Users can also boot up separate clouds running on
The Oracle Cloud Machine uses Intel X5 processors and comes in three versions: v288, v576 and v1080, which provide storage capacities of 2TB, 4TB and 7.5TB respectively. It features local solid-state storage, network-attached storage (optional) and 10GB Cisco Systems switching. It fits into a data center rack like any standard 19-inch server box.
By using Oracle Cloud in a data center, customers can have full control over their data and meet all data sovereignty and data residency requirements –that mandate customer data remain within a company's data center or contained within a geographic location, while still taking advantage of the benefits of the cloud.
The user can enable workload portability between on-premises and cloud using identical environments, toolsets, and APIs and be able to move Oracle and non-Oracle workloads between on-premises and the cloud based on their changing business requirements.
The users can also comply with security and privacy regulations such as PCI-DSS for the global credit and debit card industry, HIPAA for the US healthcare industry, FedRAMP for the US federal government, Germany's Federal Data Protection Act, the United Kingdom's Data Protection Act, and other industry- and country-specific regulations.
As a managed service, the Cloud features:
Infrastructure: Provides elastic compute, elastic block storage, virtual networking, file storage, messaging, and identity management to enable portability of Oracle and non-Oracle workloads into the cloud.
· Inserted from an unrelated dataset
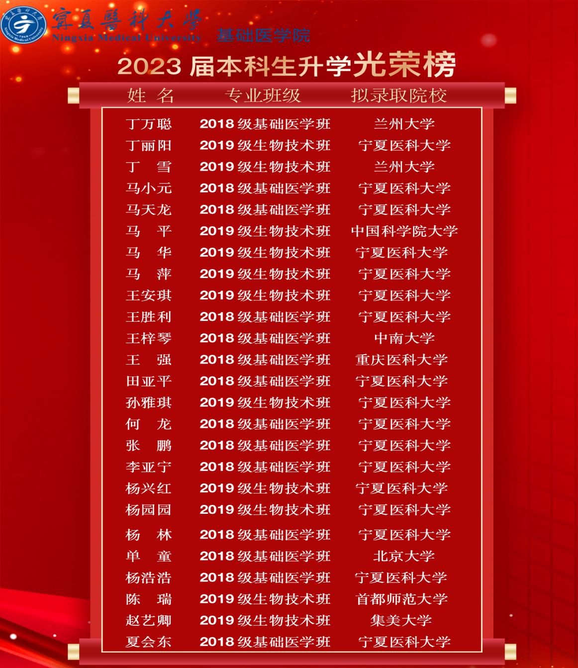 2023年,基础医学院本科应届毕业生共62人,截止4月19日,升学人数25人,其中4名学生获推免生保研资格,分别推免至中南大学、兰州大学(2人)、首都师范大学,21名学生拟录取至北京大学、中国科学院大学、集美大学、伟德国际1946源于英国等高校继续深造,升学率达40.3%。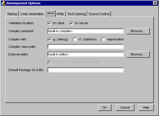 The Java tab allows you to customize the behavior of the Java compiler. For instance, you may specify an external compiler and set compiler options. To set Java compiler options, click the Java tab as shown in the following figure:

Data management: Enables customers to use the Oracle database to manage data infrastructure in the cloud with the Oracle Database Cloud. The initial set of Database Cloud Service offerings will be followed by Oracle Database as a Service: Exadata for extreme performance and a broad set of Oracle Big Data Cloud services, including Big Data Discovery, Big Data Preparation, Hadoop, and Big Data SQL.
Application development: Users can develop and deploy Java applications in the cloud using Oracle Java Cloud.
Enterprise integration: Simplifies integration of on-premises applications to cloud applications and cloud application to cloud application integration using the Oracle Integration Cloud Service
Management: Unifies the experience of managing workloads seamlessly on-premises and in the Oracle Cloud.